How do you write the equation of the circle with diameter that has endpoints at (–4, –1) and (–8, –9)?

Answer 1

`(x+6)^2+(y+5)^2=20`

Explanation:

To write the equation of a circle we need to know the center and the radius. Since we know two endpoints, we know the extrema of a diameter.

The idea is the following: we will find the center as the midpoint of the diameter, and the radius as half the length of the diameter.
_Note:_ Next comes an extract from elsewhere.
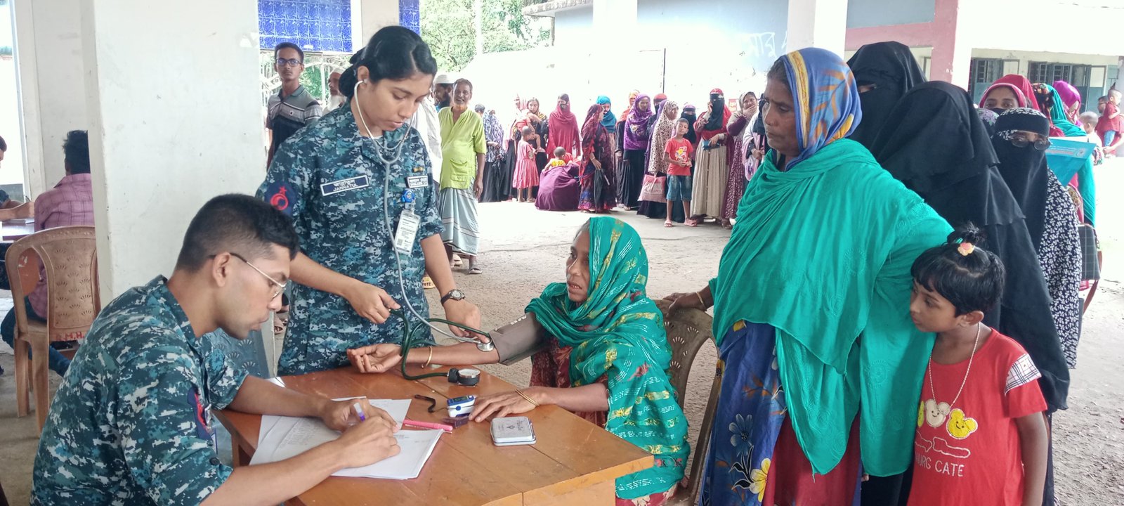 নৌবাহিনীর অভিজ্ঞ ও দক্ষ চিকিৎসক দলের মাধ্যমে নারী-পুরুষ ও শিশুসহ প্রায় সাত শতাধিক মানুষ বিনামূল্যে চিকিৎসা সেবা ও প্রয়োজনীয় ওষুধ পান। সাধারণ রোগের পাশাপাশি জটিল সমস্যার রোগীদের আন্তরিকতা ও পেশাদারিত্বের সঙ্গে চিকিৎসা দেওয়া হয়।

To find the midpoint of a segmente with extrema `A=(x_A,y_A)` and `B=(x_B,y_B)`, we have the following formula:

`M = (\frac{x_A+x_B}{2}, \frac{y_A+y_B}{2})`

In your case, this becomes

`C = (\frac{-4-8}{2}, \frac{-1-9}{2})=(-6,-5)`

As for the length, we have the following formula:

`d = sqrt((x_A-x_B)^2+(y_A-y_B)^2)`

Which in your case becomes

`d = sqrt((-4+8)^2+(-1+9)^2)=sqrt(16+64)=sqrt(80) = 4sqrt(5)`

So, the diameter is `4sqrt(5)` units long, which means that the radius is `2sqrt(5)` units long.

Now we can write the equation:

in general, given the center `(x_0,y_0)` and the radius `r`, we have

`(x-x_0)^2+(y-y_0)^2=r^2`

Which in this case becomes

`(x+6)^2+(y+5)^2=20`